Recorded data
--- START ---

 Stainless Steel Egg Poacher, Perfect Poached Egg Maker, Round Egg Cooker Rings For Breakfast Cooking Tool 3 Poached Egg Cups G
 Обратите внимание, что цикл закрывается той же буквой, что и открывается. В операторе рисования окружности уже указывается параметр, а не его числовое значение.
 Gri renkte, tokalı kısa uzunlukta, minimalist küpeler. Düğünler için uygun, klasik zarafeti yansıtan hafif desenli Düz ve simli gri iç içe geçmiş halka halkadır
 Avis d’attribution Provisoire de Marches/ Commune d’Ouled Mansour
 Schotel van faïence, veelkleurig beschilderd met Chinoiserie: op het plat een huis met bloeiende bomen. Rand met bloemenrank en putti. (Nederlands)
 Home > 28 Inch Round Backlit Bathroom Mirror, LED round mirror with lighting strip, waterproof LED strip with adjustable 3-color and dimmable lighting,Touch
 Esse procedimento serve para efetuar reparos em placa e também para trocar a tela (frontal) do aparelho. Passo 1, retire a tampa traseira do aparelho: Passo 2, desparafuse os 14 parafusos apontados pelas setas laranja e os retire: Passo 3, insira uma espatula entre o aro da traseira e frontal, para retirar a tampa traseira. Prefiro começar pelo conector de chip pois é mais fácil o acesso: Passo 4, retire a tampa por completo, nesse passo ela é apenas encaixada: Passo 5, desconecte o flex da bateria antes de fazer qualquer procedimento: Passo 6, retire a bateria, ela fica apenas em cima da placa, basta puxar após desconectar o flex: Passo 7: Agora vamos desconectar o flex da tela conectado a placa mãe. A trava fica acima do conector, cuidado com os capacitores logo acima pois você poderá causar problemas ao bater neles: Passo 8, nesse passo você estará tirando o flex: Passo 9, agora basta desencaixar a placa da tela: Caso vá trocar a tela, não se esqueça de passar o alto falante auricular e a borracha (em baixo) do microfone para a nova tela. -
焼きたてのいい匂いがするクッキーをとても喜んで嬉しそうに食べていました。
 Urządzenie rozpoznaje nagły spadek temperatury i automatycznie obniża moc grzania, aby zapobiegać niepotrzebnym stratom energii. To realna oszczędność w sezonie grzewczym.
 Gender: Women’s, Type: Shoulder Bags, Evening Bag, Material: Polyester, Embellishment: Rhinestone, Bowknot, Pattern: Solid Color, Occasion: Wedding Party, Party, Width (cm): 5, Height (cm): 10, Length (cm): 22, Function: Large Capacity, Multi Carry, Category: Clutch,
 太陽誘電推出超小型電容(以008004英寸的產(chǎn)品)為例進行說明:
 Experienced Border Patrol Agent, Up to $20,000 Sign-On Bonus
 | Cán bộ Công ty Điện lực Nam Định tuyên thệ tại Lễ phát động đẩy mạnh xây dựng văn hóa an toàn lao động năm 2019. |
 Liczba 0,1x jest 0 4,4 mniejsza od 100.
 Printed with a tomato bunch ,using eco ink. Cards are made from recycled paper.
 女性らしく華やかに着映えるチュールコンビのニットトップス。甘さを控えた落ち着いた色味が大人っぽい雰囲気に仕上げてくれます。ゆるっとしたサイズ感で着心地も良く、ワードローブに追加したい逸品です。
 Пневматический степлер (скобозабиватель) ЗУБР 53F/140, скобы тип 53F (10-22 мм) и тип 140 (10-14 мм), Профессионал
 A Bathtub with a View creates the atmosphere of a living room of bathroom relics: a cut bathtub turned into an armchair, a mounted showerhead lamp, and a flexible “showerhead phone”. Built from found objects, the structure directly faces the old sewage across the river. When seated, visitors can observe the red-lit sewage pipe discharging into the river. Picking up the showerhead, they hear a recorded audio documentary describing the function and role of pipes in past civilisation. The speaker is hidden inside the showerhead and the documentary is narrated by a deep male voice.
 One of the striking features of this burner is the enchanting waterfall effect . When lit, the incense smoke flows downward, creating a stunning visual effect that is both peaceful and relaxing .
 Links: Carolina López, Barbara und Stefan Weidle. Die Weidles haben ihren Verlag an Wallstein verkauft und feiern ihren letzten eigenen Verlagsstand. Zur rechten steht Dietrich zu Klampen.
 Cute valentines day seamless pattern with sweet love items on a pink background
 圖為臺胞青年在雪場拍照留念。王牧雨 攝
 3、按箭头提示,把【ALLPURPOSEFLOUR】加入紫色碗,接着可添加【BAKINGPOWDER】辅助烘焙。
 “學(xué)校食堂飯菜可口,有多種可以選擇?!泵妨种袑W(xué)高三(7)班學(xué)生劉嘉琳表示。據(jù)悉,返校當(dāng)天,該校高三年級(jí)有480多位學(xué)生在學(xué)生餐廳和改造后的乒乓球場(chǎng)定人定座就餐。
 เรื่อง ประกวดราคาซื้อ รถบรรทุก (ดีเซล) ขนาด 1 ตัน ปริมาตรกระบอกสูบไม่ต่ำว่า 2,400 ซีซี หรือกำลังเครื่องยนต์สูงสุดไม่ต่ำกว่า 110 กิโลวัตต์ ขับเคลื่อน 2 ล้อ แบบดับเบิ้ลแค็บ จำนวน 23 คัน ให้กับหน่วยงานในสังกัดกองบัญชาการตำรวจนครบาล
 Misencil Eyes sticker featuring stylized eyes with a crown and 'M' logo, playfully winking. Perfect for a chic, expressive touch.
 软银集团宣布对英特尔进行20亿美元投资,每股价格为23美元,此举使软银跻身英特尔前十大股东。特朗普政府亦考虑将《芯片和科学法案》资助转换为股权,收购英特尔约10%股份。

--- END ---

• **Task item**: Whenever a line above includes the string "Perfect", copy it.

• **Solution below**:
 Stainless Steel Egg Poacher, Perfect Poached Egg Maker, Round Egg Cooker Rings For Breakfast Cooking Tool 3 Poached Egg Cups G
 Misencil Eyes sticker featuring stylized eyes with a crown and 'M' logo, playfully winking. Perfect for a chic, expressive touch.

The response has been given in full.